Milli Eğitim Bakanlığı baktı ki olmuyor, vatandaşın lehine yeni bir çare düşündü. Bu eğitim öğretim yılı itibarı ile hem ders kitaplarını hem de yardımcı kaynak kitapları her öğrenciye bedava dağıttı.
Özellikle dar gelirli veliler derin bir oh çekti. Ama ne var ki hevesleri kursaklarında kaldı. Okullardaki öğretmenlerin bir kısmı 14 yıldır ders kitaplarına yaptığı muamelenin aynısını yardımcı kitaplar için çekti. Yetersiz dedi ve yine ek kitap istedi. Bugünlerde veliler yine okulların anlaştığı kitapçıların kasası önünde kuyrukta.
Yarış amansız, rekabet, acımasız. Her insan çocukları başarılı olsun, iyi okullar kazansın istiyor. Herkes birbirini geride bırakmak zorunda. Bunun farkında olan kimi öğretmenler, topluyor karşısına velileri hiç imtina etmeden direkt bu “kitaplar yetersiz, şu kitapları alacaksınız” deyip kestirip atıyor.

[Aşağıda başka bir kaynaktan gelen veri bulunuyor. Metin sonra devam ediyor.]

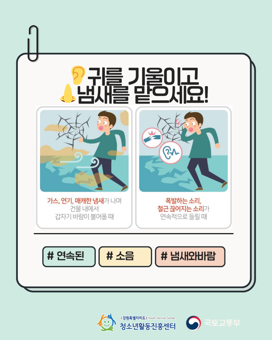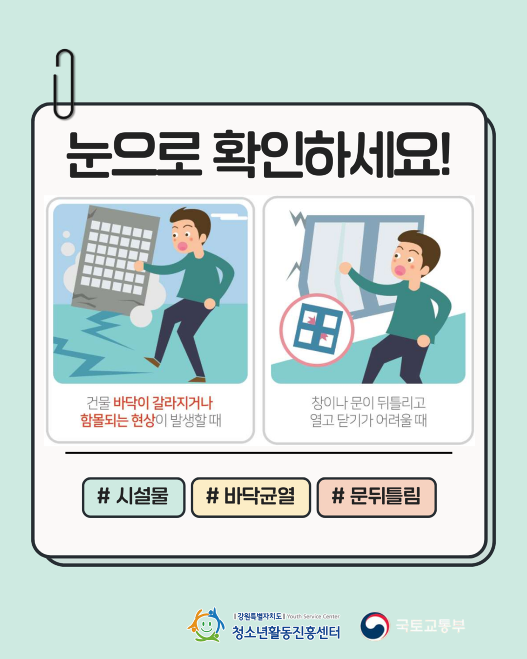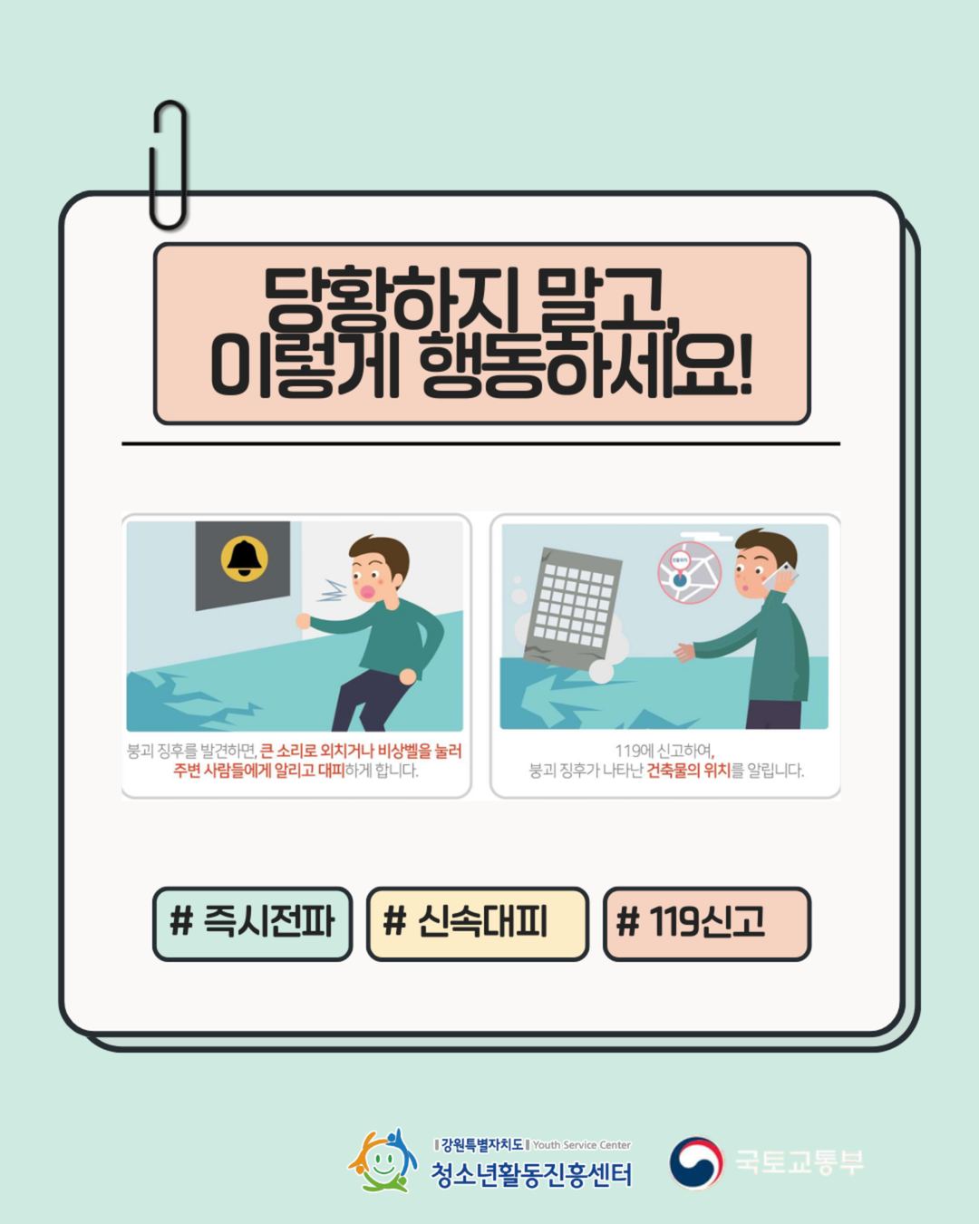 지속가능(SDGs)한 청소년활동, 강원을 물들이다.안녕하세요! 강원특별자치도청소년활동진흥센터입니다😊1️⃣ 바닥이 갈라지거나 푹 꺼질 때2️⃣ 문이 갑자기 안 열리거나 뒤틀릴 때3️⃣ 기둥에 거미줄 같은 금이 갈 때4️⃣ 타는 냄새나 정체모를 바람이 불 때5️⃣ '팍' 하는 폭발음이나 끊어지는 소리가 들릴 때이런 징후를 발견했다면?망설이지 말고 즉시 대피! 그리고 119 신고!

Bazıları vicdanının verdiği rahatsızlıkla “siz bilirsiniz ama bu kitaplarla öğrenciler iyi hazırlanamaz, siz isterseniz şu kitapları da alalım” diye yönlendirme yapıyor. Öğretmen böyle olunca velinin eli kolu yana düşüyor, otomatikman çaresiz kabul etmek zorunda kalıyor.
Sadece öğretmenler mi, bazı görgüsüz, unu-tuzu kuru, kendi çocuğunu diğerlerinin önüne geçirme telaşı taşıyan veliler de var. Bazen de onlar atılıyor ortaya “hocam çocuklarımız iyi hazırlansın, şu kitapları da alalım, bunu da yapalım, bu fiyat nedir ki diye atarlanıyor.” Bu defa da öğretmen canına minnet veliye uyuyor.
Eğitimde dahi kapitalist egoları bir türlü aşamıyoruz. Aşılacak gibi de gözükmüyor. Devlet ek kitap alımını yasaklasa bu defa da biraz önce tasvir ettiğimiz velilerin “çocuklarımızın geleceği ile oynuyorsunuz” ithamı ile karşı karşıya kalacak.
Haliyle bunu da kimse göze alamaz. Hal böyle olduğu için naçizane benim Milli Eğitim Bakanlığı’na bir tavsiyem var. Gelecek yıldan itibaren bedava kitap dağıtmaktan vaz geçin. Kitap yerine defterleri bedava dağıtın. Nasılsa her şekilde kitapları para ile alıyoruz.